Płock District Prosecutor’s Office spokesperson Iwona Śmigielska-Kowalska told PAP that the investigation into the Orlen-Lotos merger began in 2022 following formal reports. The probe concerns alleged abuses of power and failures to fulfill duties by company leadership during merger negotiations, conditions setting, and share transactions with Saudi Aramco that allegedly caused significant damage to PKN Orlen, estimated at at least PLN 4 billion. The decision to initiate investigations was issued on January 22, with discussions planned to examine potential abuses by officials overseeing the merger, including the head of the Office of Competition and Consumer Protection.
The spokesperson explained that the inquiry followed notifications from several sources, including politicians, and that verification steps were taken to detail the related circumstances.

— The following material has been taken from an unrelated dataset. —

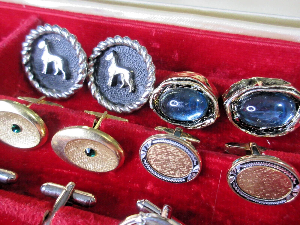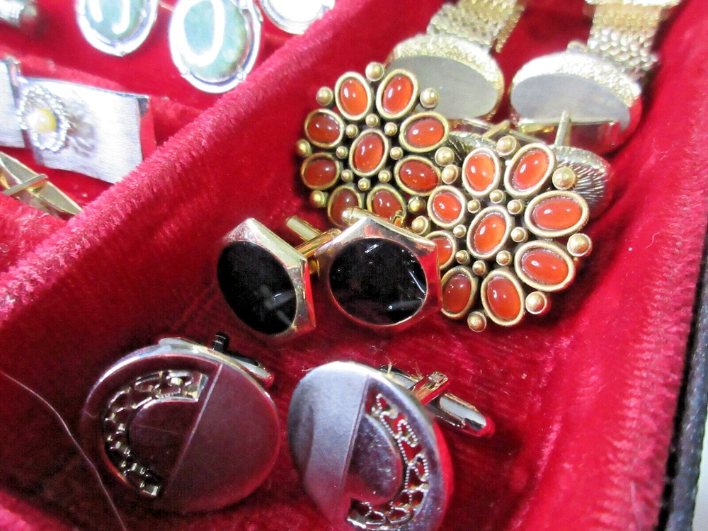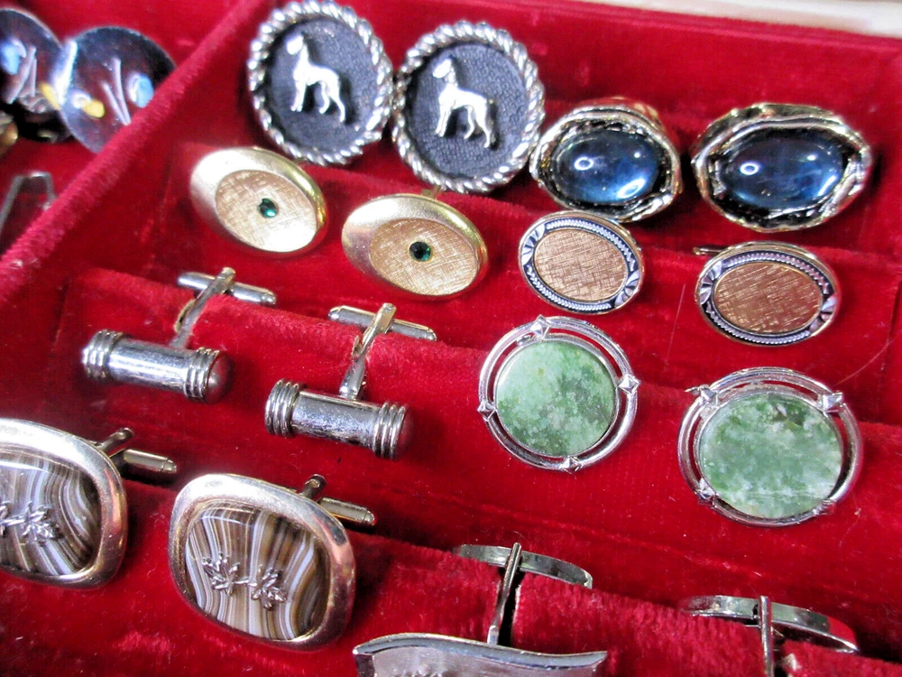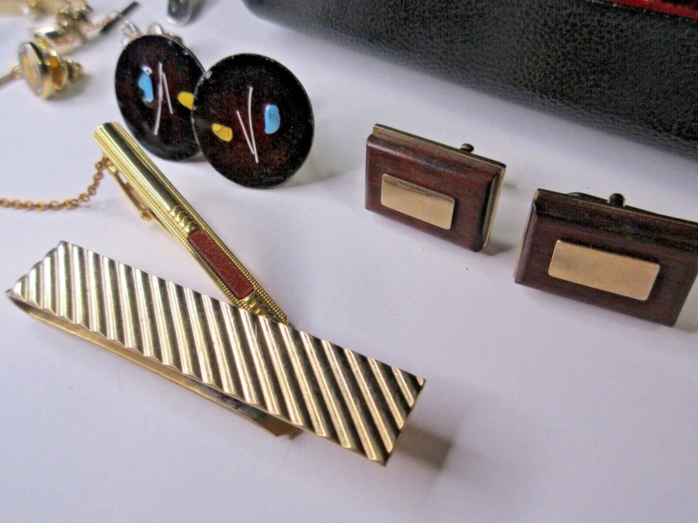 This is a wonderful lot of vintage men's accessories in a vintage Allen brand valet. The lot consists of: 18 pair cufflinks 4 tie bars 3 tie tacs All items will be individually bagged and securely shipped

Historically, the merger involved a February 2018 letter of intent to transfer capital control from Lotos to Orlen, under the oversight of the Ministry of Energy. European Commission approval in June 2022 and subsequent merger terms by the boards followed, with final shareholder consent obtained in July 2022. Earlier steps in 2022 included corrective measures aligned with EC requirements, such as cross-border asset movements and share transactions with Saudi Aramco. Orlen indicated at the time that market conditions guided asset valuations, conducted by independent advisers and approved by both companies’ shareholders and the European Commission. It was noted that book value should not be treated as a proxy for market value, given market conditions at the time of the merger.
During a recent press conference, KO MP Agnieszka Pomaska stressed that the investigation signals potential material damage to PKN Orlen and suggested that informing the prosecutor’s office was just the beginning of broader scrutiny. She argued that the case should be pursued without political interference to ensure accountability and fuel security for the state and its economy. She framed the matter as a major stake for national interests and energy resilience at the borders.

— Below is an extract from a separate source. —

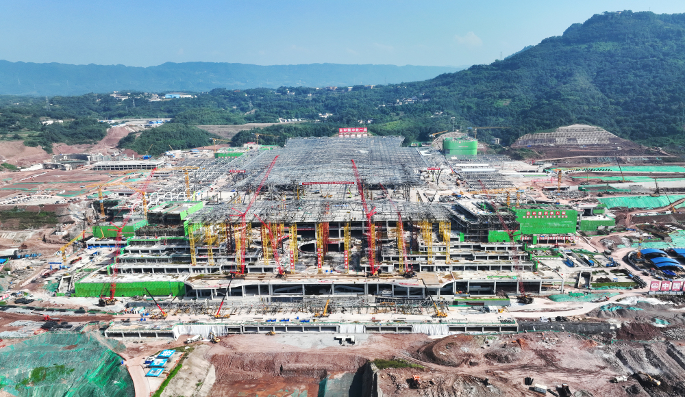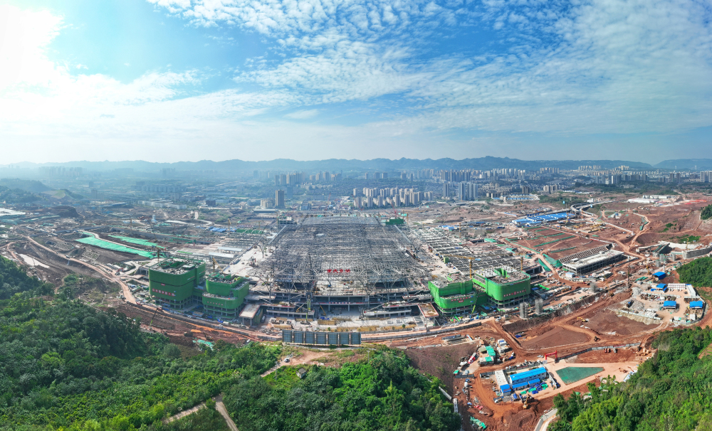 10月15日,南岸区茶园,以"山水千里,黄桷参天"为设计理念的重庆东站站房及配套综合交通枢纽经参建职工加班加点施工,目前整体高铁枢纽雏形轮廓展现,吸引了一些市民前来一睹为快。

Prime Minister Donald Tusk, asked whether an investigative committee should review the merger, suggested that while there may be valuable findings in reports from the Supreme Audit Office and secret services, a parliamentary inquiry might not be necessary. He argued that ongoing prosecution and a rapid audit could provide sufficient transparency and public clarity, potentially rendering a commission unnecessary. He emphasized the importance of allowing public access to information and avoiding speculation until audits and prosecutions are concluded.
The discussion around the Orlen-Lotos merger continues to unfold as authorities assess the impact on Poland’s energy security, market stability, and the balance between state influence and corporate governance. The evolving narrative highlights how investors, regulators, and policymakers weigh transparency, accountability, and strategic national interests in a complex, high-stakes sector. Observers note that the outcome could influence energy policy and governance frameworks for years to come.